Core Economic Mechanism
RAI operates through three core pillars, regulated by key policy levers:
Core Mechanisms:
Staking (Internal Coordination): Users lock their RAI tokens to receive rewards, demonstrating long-term commitment and helping stabilize the ecosystem.
Bonding (Price Coordination): Users purchase RAI tokens at a discount by contributing assets (stablecoins or RWA tokens) to the treasury. This increases reserves and liquidity.
Treasury (Reserve Support): Stores assets that back the value of RAI tokens, including stablecoins and RWAs. The Risk-Free Value (RFV) acts as the baseline value backing each token.
Key Policy Levers:
Staking Reward Rate & APY: Determines the number of new RAI tokens minted for stakers. This impacts the annual percentage yield (APY), which is the primary indicator of internal coordination.

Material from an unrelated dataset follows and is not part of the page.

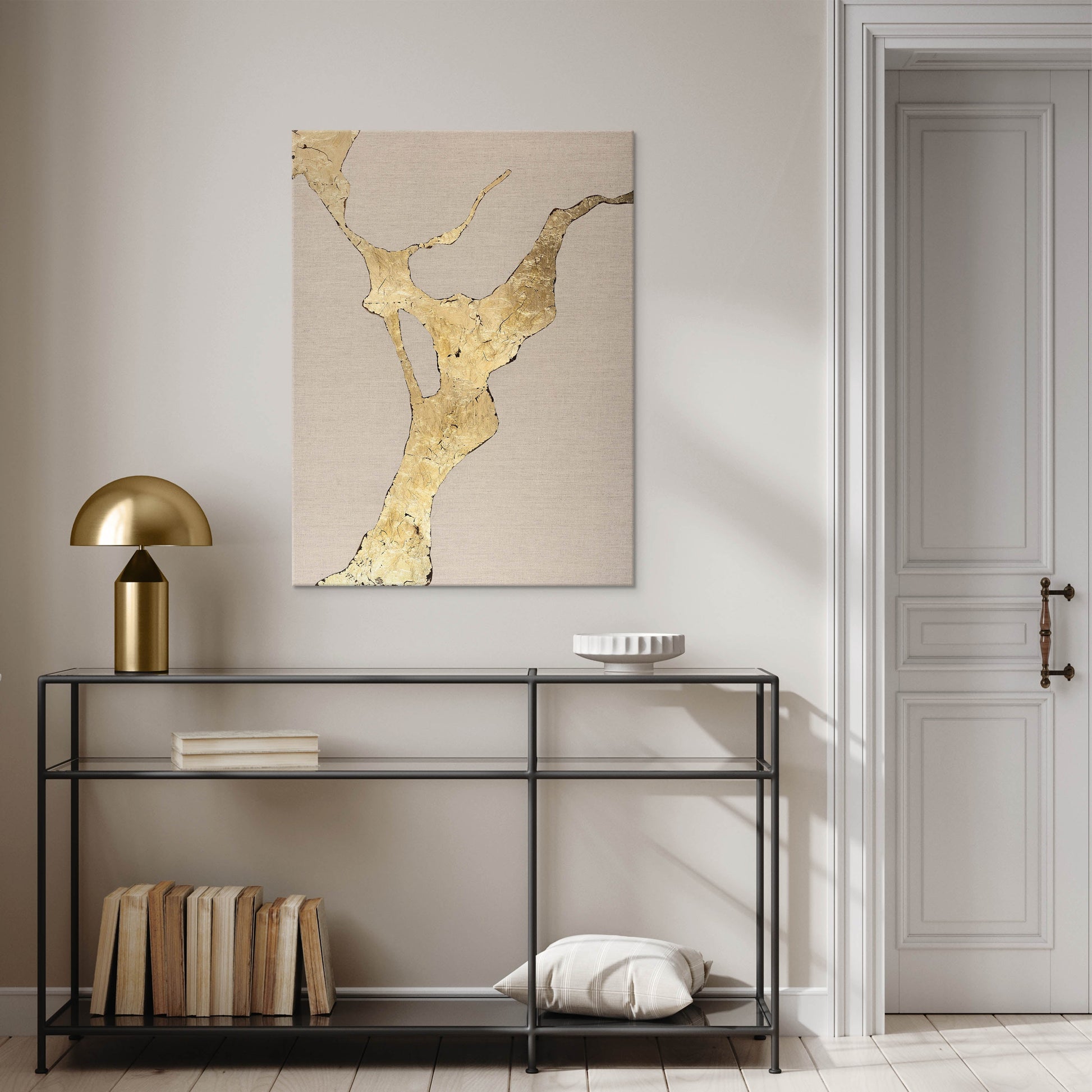 Wild Horizon Gold is a unique artwork created on linen canvas and made with gold leaf. The minimalist design and golden details create an elegant contrast and an exclusive expression, adding a touch of luxury to any space.

Note: APY is inversely proportional to ecosystem health — lower APY signals higher system stability.
Bond Control Variable (BCV): Adjusts the discount rate of bonds to manage the treasury’s composition, maintaining a balance between stablecoins and RWA assets.
Premium Over RFV: Reflects the market price of RAI relative to its RFV — a key signal of market confidence in the effectiveness of RAI's internal coordination mechanism.
Role of AI and DeFi:
AI helps optimize these levers by predicting market trends and adjusting staking rewards or bond discounts accordingly.
DeFi infrastructure enables the seamless execution of these mechanisms, providing real-time transaction processing and analysis.
Together, this system creates a self-regulating, decentralized economy where incentives are aligned through intelligent coordination rather than centralized control.